Son objectif premier, en prenant de court les services de renseignement algériens toujours aussi aveugles, est de se légitimer à l’international. Sa colère contre tous ceux qui sont au sommet de l’Etat algérien est manifeste. Le fait qu’il ait fait l’impasse dans son discours sur le Premier ministre Abdelaziz Djerad, son subordonné direct, et le chef d’état-major de l’armée, son mentor, le général Said Chengriha, est révélateur d’une rupture avec ces derniers.

Il faut rappeler que Chengriha a indirectement montré lui aussi sa colère contre le message de Tebboune. Dimanche, lors du Journal télévisé de 20h, la télévision publique algérienne a ouvert sur une activité sportive, une finale entre deux équipes militaires de football, présidée par le chef d’état-major. La vidéo du président de la République, chef suprême des armées, ministre de la Défense…, a été, elle, reléguée en deuxième position. Subordonner le chef de l’Etat à un match de football entre militaires, dans une chaîne nationale, est à lui seul un indicateur, qui ne trompe pas, sur l’irritation des généraux à l’égard du président malade.

Placer hiérarchiquement le président Tebboune derrière un banal match de football, mais qui met en jeu des militaires, est également un indice qui montre que le recours à Twitter par le cercle présidentiel a permis probablement d’éviter une non-transmission de la réapparition du chef de l’Etat algérien sur les chaines de télévision nationales.
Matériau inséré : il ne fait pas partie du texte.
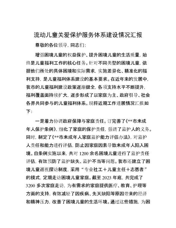 流动儿童关爱保护服务体系建设情况汇报 2024-09-28 Word模板 78 购买前,请一定要先点击这里看看,欢迎持续关注,精彩模板每天推送 预览结束,本文件为word文档,一共4页,共1963字,请购买后,下载后查看 购买前,请一定要先点击这里看看,欢迎持续关注,精彩模板每天推送 资源下载下载价格29 RMBVIP免费升级VIP点击检测网盘有效后购买有任何充值和下载问题请加微信:xuexixuexi66 0 总结汇报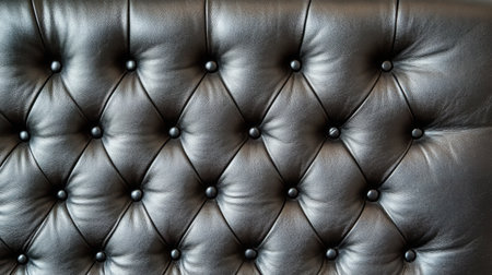 This image showcases an elegant black leather tufted upholstery featuring decorative buttons, perfect for modern interior design concepts. Ideal for furnishings, backgrounds, and home decor assignments.

Il n’en demeure pas moins que les généraux algériens vont devoir composer quelque temps encore avec un président en sursis. Ils vont conserver, dans l’immédiat, Tebboune sur son fauteuil, soit-il roulant, pour faire passer des textes urgents: paraphe de la constitution en vue de son entrée en vigueur, signature de la loi de Finances 2021, et adoption de la nouvelle loi électorale qui servira de base aux prochaines élections législatives et municipales en Algérie.

D’ailleurs, les généraux viennent de signer en son nom un message de félicitations, très tardif, adressé au nouveau président américain, Joe Biden, élu le 7 novembre dernier, en mettant à profit le petit sursis qu’ils comptent accorder à Tebboune. Pour combien de temps encore?